3. Modify your model for the following passenger aircraft and recommend your optimal boarding and disembarking methods for each aircraft.
• The Flying Wing aircraft with relatively wide and short passenger cabins as shown in Figure 2.
• A Two-Entrance, Two-Aisle aircraft as shown in Figure 3.
4. Due to the pandemic situation, capacity limitations are sometimes implemented on passenger airliners. Will your recommended prescribed methods for boarding and disembarking of the three aircraft change if the number of passengers is limited to 70%, 50%, or 30% of the number of seats?
5. Write a one-page letter to an airline executive describing and explaining your results, recommendations, and rationale about passenger aircraft boarding and disembarking in a non- mathematical way.
Note that it is not sufficient to simply re-present any of these models or discussions, even if properly cited. Any successful solution MUST include development and analysis of your own team’s model and a clear explanation of the difference between your model and any referenced aircraft boarding and disembarking models.
Your PDF submission should consist of:
• One-page letter to an airline executive.

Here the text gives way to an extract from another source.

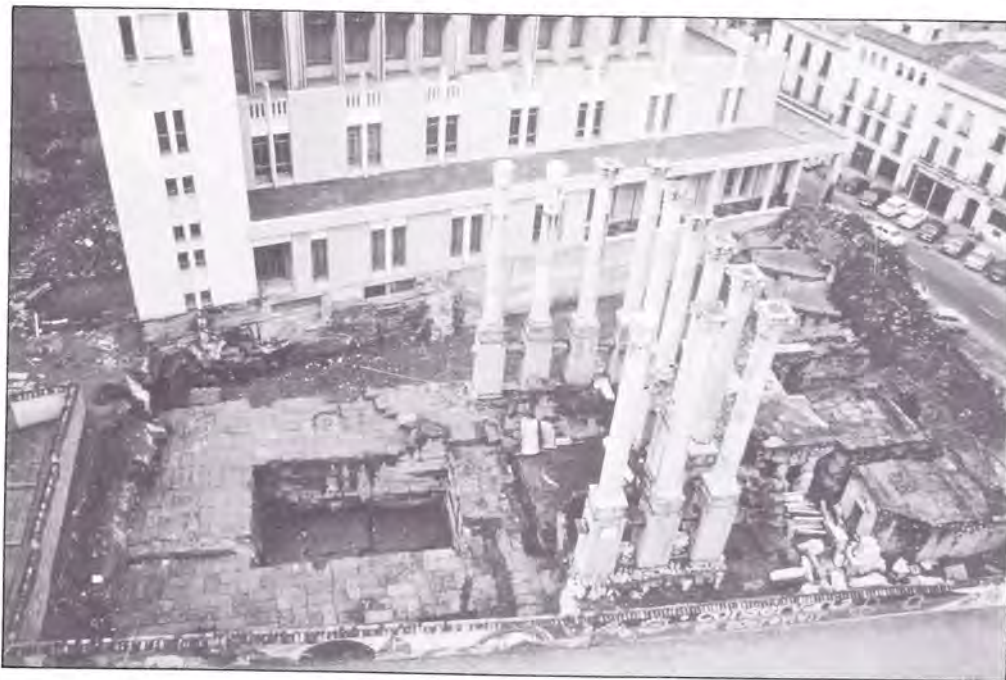
LÁMINA I. Aspecto general del templo romano de la calle Claudio Marcelo en Córdoba, visto desde el Sur.

En líneas generales, los trabajos de estos investigadores afectaron, en esencia, al sistema de gruesos contrafuertes dispuestos a modo de abanico con la finalidad de contener los rellenos sobre los que asentaba la cimentación del templo, así como al altar dispuesto delante de la escalera del templo y a la pronaos del edificio religioso (Lám. II). En ausencia de García y Bellido, se practicaron dos galerías, una que pasaba por debajo del pabellón nuevo del Ayuntamiento y la otra galería más baja, paralela a la anterior, que iba en busca del extremo occidental de los cimientos del templo con objeto de conocer la longitud total del edificio. En cambio, no llegó a descubrirse la cella ni el posticum , ya que ambos elementos debían encontrarse debajo del edificio de los Servicios Técnicos Municipales, extremo que ha quedado confirmado tras nuestras investigaciones más recientes.

• Your solution of no more than 20 pages (A4 or letter size). Note that your font size must be no smaller than 12-point type.
Note: Reference List and any appendices do not count toward the page limit and should appear after your completed solution. You should not make use of unauthorized images and materials whose use is restricted by copyright laws. Ensure you cite the sources for your ideas and the materials used in your report.
Glossary
Carry-On Bag – a piece of luggage a passenger carries onto an airplane with dimensions such that it can fit in the overhead bin.
Disembarking – leaving (an airplane).
Overhead Bins – storage compartments attached to the ceilings of aircraft for baggage stowage during a flight.